§ **WORK TO BE COMPLETED**
The range to repeat runs from the line with "히브리어구약BHS,17 שָׁם אַצְמִיחַ" to the last line below, both ends included; give it exactly and without pictures.

§ **DATASET CONTENT**
◇ ◇ ◇ ◇ ◇ ◇ ◇

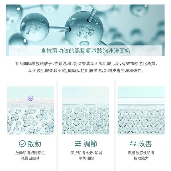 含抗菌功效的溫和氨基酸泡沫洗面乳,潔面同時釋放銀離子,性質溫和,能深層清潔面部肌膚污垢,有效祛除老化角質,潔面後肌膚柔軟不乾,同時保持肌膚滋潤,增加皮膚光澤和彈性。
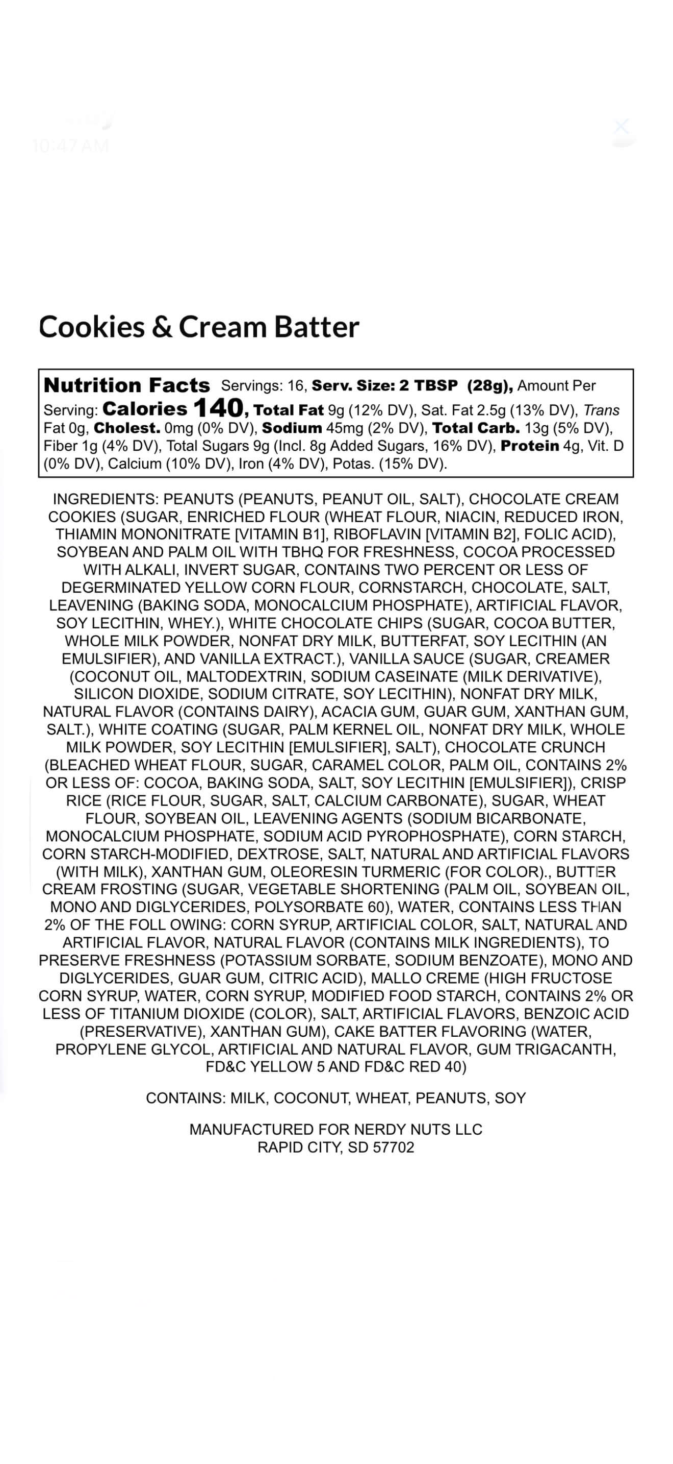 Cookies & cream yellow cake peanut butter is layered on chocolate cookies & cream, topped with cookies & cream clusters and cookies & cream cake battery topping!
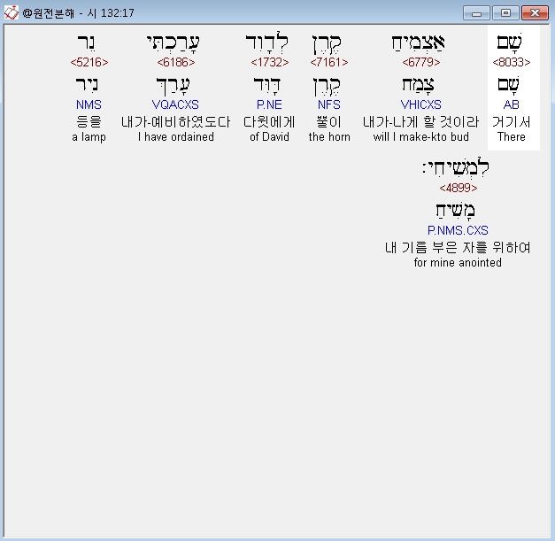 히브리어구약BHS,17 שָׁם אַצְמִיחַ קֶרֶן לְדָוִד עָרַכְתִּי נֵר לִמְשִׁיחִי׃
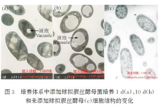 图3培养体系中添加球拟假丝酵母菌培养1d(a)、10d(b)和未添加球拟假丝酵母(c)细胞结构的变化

◇ ◇ ◇ ◇ ◇ ◇ ◇

§ **YOUR SOLUTION**
 히브리어구약BHS,17 שָׁם אַצְמִיחַ קֶרֶן לְדָוִד עָרַכְתִּי נֵר לִמְשִׁיחִי׃
 图3培养体系中添加球拟假丝酵母菌培养1d(a)、10d(b)和未添加球拟假丝酵母(c)细胞结构的变化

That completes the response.